From the day we are born until the day we die, the power of human connection is a force stronger than anything. As we grow up, a lot of us forget that it is 100% okay to still need to feel that. Babies cry because they need to be touched, loved, nurtured and attended to. That never really goes away. Just as our basic needs of food, water, air, and shelter stay constant, so does our need for each other. Not only does our psychological survival depend on human connection, but our physical survival as well.

Feeling connected to another person can be so powerful, whether it is through friendship, love, or blood. Picture a yin-yang: we are all balancing each other out but have a little bit of ourselves in the other person. I believe that sometimes, we just meet people that understand our souls. It just works. We are wired to connect. Think about the complexity of interconnection amongst people who can simply be present for each other. Whether it is an outcome of a dyadic interaction or a larger group interaction, human connection is one of the purest forms of brilliance. If we erase the material belongings of life, we would be more than okay as long as we had each other. Somewhere as people get older, our ego gets in the way without us really knowing it, and we sometimes fall into accepting the idea that we can do it all alone. We want to do everything ourselves: we want to feel needed but not do the needing. Life really is not made for that. Life is made for connectedness.
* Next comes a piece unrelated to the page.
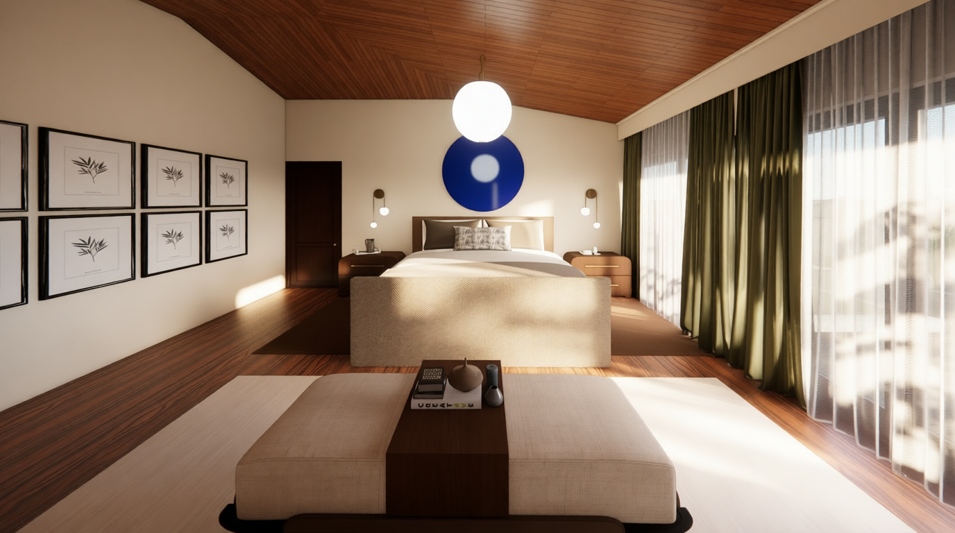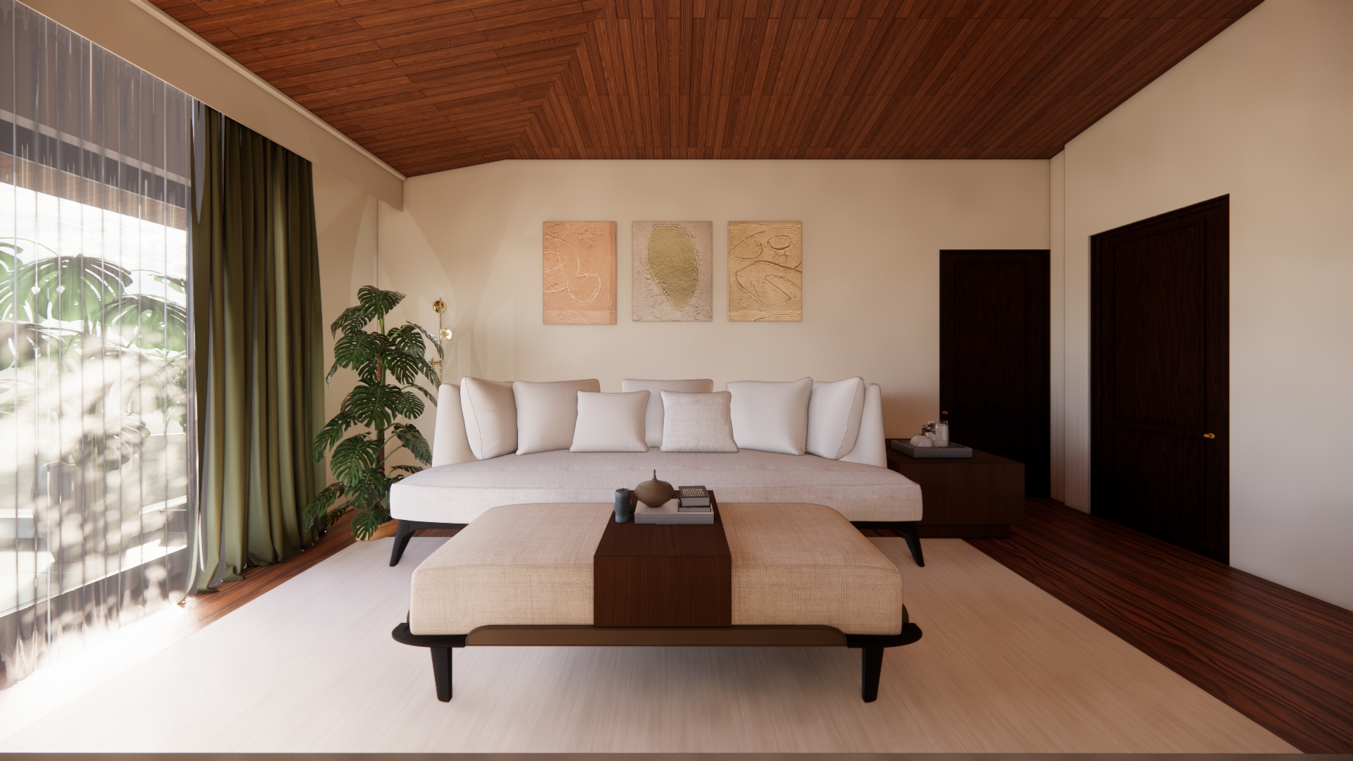 conserva la distribucion y forma actual de la habiatcion y muebles mejorando un poc las texturas conservando colores

I personally have wondered if, as I get older, the world is becoming more complex or I am just growing up to understand and grasp more. I think it is a mixture of both. What they do not tell you when you’re young is that there will be a lot of things in life that go without being understood, and we just have to accept that. We forget that life is supposed to be lived together, to be appreciated and celebrated with one another. When life gets hard, when we are uncomfortable with being in solitude with our thoughts, when we feel petrified of the future, or sad about the past, we should embrace the idea that loneliness can only exist when we allow it to.

There are 7.6 billion people in the world right now as I write these words, and we are more similar than we think: some of us only different by the smallest morsel of DNA. It is incredible to have individuality & to know that there is no other you; but we should know that we are all in stellar company with that many humans around us to love and always remember that life has a way of bringing us to the people we need exactly when we need them. So, trust the cards. I advise all of you to be there for one another. Instead of resisting, revel in the unchangeable, intricate reality that we are created for connection.